Last Updated:August 11, 2025, 14:16 IST
PM Modi’s China visit could mark the start of a more mature phase in India’s foreign policy, one that balances engagement with all major powers while bowing to none
By improving dialogue with China and Russia through forums like the SCO, India strengthens its negotiating position vis-à-vis the US. (Image: PTI/File)
Prime Minister Narendra Modi’s upcoming visit to China for the Shanghai Cooperation Organisation (SCO) summit in Tianjin from August 31 to September 1 marks his first trip to the country in seven years. According to Indian media reports, this engagement may also provide him an opportunity to meet President Xi Jinping for the first time since their brief encounter in Russia 10 months ago. The timing is significant. It comes at a moment when India’s relations with the United States, once touted as a rising strategic partnership, have been strained by Washington’s growing protectionism. The latest flashpoint: US President Donald Trump’s decision to impose 50% tariffs on Indian goods, ostensibly over New Delhi’s continued purchase of Russian oil.

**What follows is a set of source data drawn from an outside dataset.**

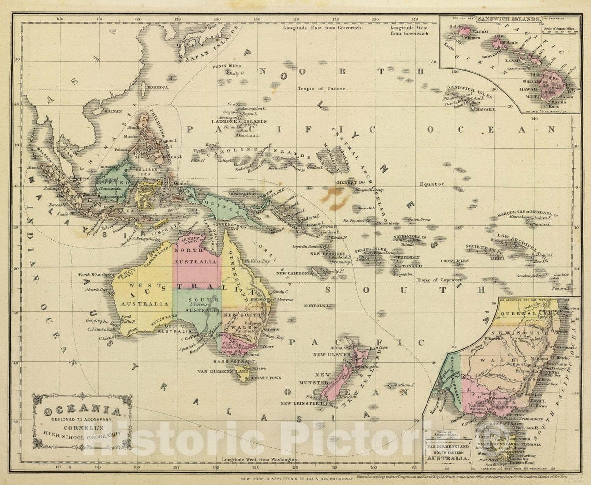 • .Historic Map : Oceania. Designed to accompany Cornell's High school geography. (with) Sandwich Islands. (with) Van Diemens Land and south eastern Australia, 1864 - Vintage Wall Art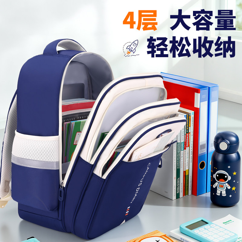 新款小学生多隔层轻便书包男女生低中高年级减负护脊儿童双肩背包大容量超轻收纳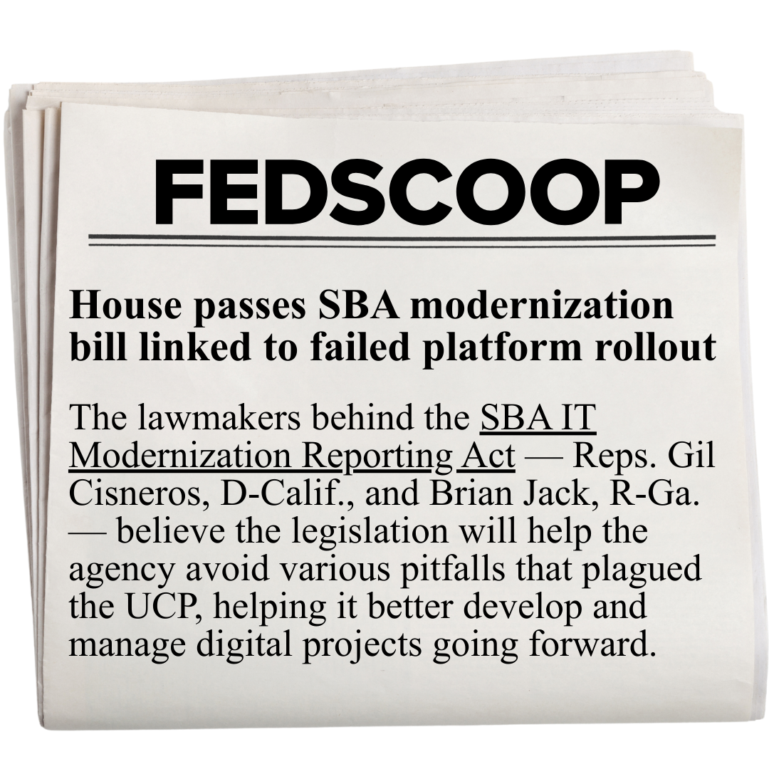 I am proud to announce the passage of my bipartisan bill with Rep. Brian Jack, the SBA IT Modernization Reporting Act. This legislation will enhance the SBA’s ability to develop, implement, and manage future IT modernization projects and strengthen how the SBA supports small businesses nationwide.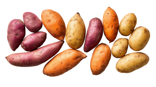 Variety of sweet potatoes on white isolate background, showcasing different shapes and colors for culinary inspiration.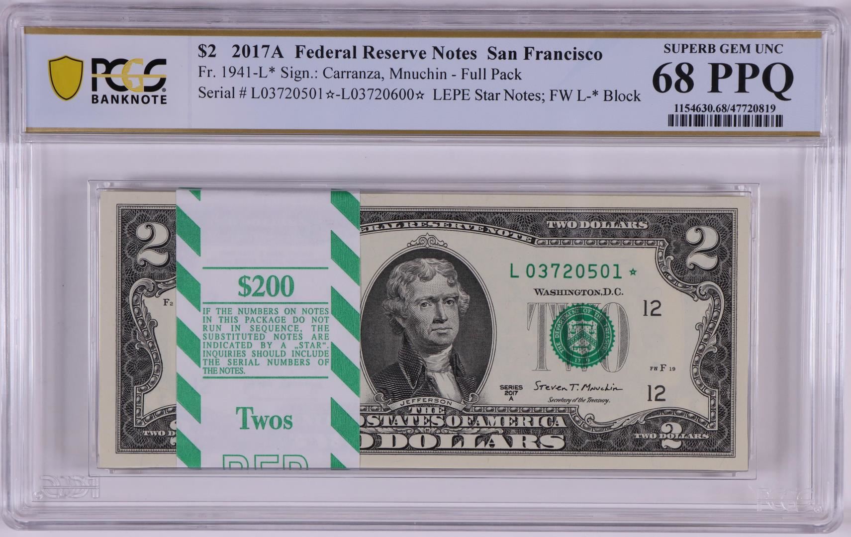 One Pack of 2017A $2 Federal Reserve STAR Notes SF Fr.1941-L* PCGS Superb Gem UNC 68PPQ. PCGS Graded.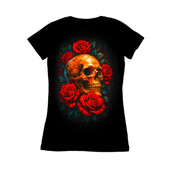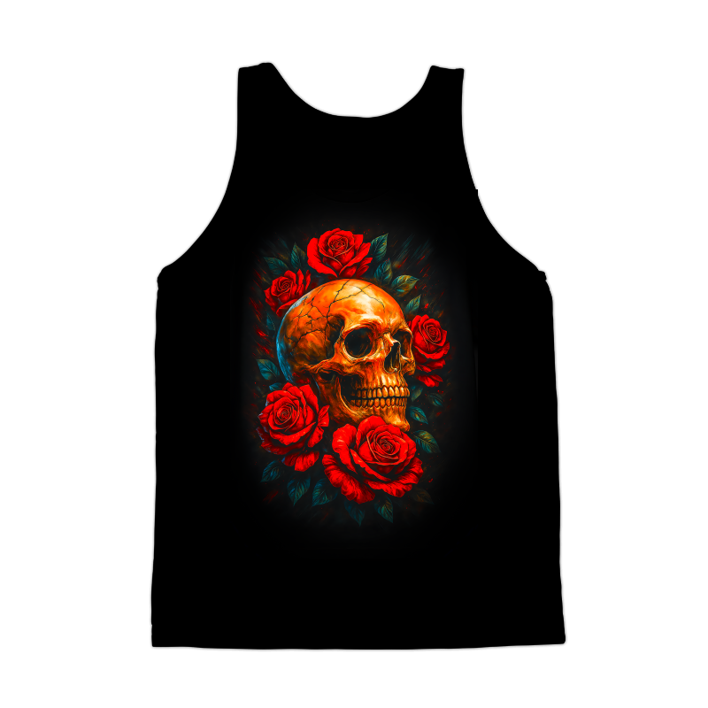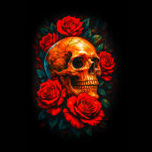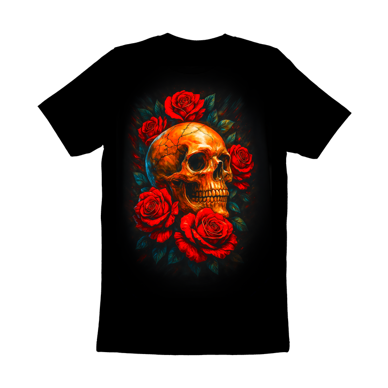 This striking design features a golden skull, its surface intricately detailed with cracks and fissures, lending it an aged, almost antique appearance. The skull is framed by a vibrant array of red roses, their petals lush and full, creating a stark contrast between life and death, beauty and decay. The dark background accentuates the vivid colors of the skull and roses, adding depth and drama to the composition. The artistic style blends elements of classic gothic art with a modern, almost digital painting aesthetic. The overall effect is both captivating and slightly unsettling, drawing the viewer in with its morbid beauty. Designers could use this image for various purposes, including t-shirt designs, posters, and album art. It would be perfect for bands in the rock, metal, or gothic genres. The design could also be adapted for use in tattoo art or as a striking graphic for book covers or video game promotional material. The combination of beauty and morbidity makes it versatile.
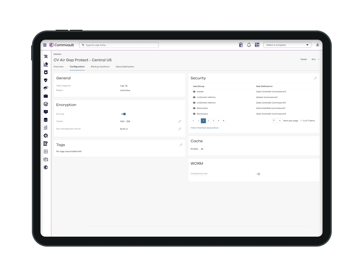 The Air Gap Protect Archive tier delivers secure, cost-efficient long-term retention for compliance and minimal-access data. By using Commvault’s Combined Storage Tiering, Air Gap Protect Archive keeps only essential metadata on high-performance storage while placing the backup data itself in the Archive tier.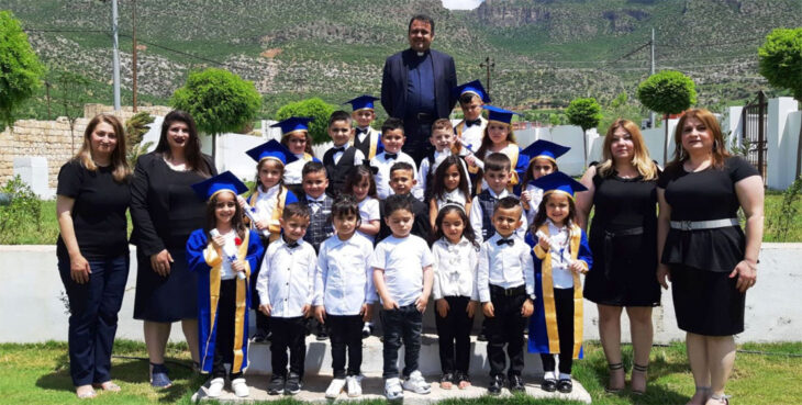 Nach dem militärischen Sieg über den IS Ende 2016 ging die Gemeinde daran, die verbliebenen Menschen weiter zu integrieren. Dazu zählt auch die frühkindliche Förderung, wie Pfarrer Samir betont: „Unser Ziel ist es, eine gebildete und offene Generation zu erziehen und das Zusammenleben zwischen christlichen, muslimischen und jesidischen Kindern zu stärken.“ Der Kindergarten stehe darum für alle Religionen offen.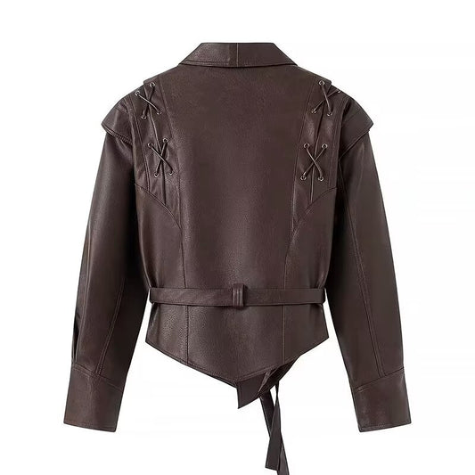 Damen Kunstlederjacke mit taillierbarem Gürtel und kontrastierenden Nähten Stalluxe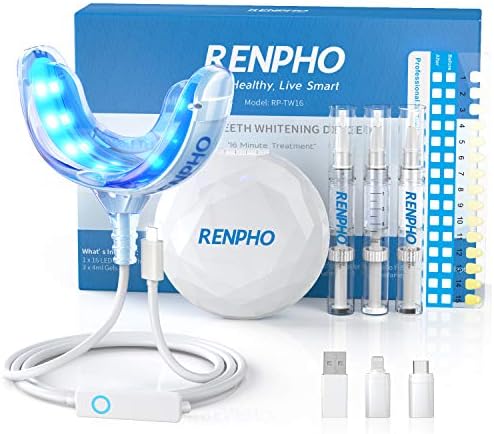Teeth Whitening Kit, RENPHO 16 LED Tooth Whitening Kit Professional with (4ml) x3 Gels for White Teeth, Premium Dental Care Bleaching Kit with Mouth Tray for Home and Travel

India-China relations have been in a deep freeze since the deadly June 2020 Galwan Valley clash, which resulted in the loss of lives on both sides and pushed the relationship to its lowest point in decades. However, over the past year, there have been cautious but deliberate steps towards thawing ties. China has reopened access to Tibet for Indian pilgrims, whereas India has eased visa restrictions for Chinese travellers, and both sides have signalled intent to restore direct flights.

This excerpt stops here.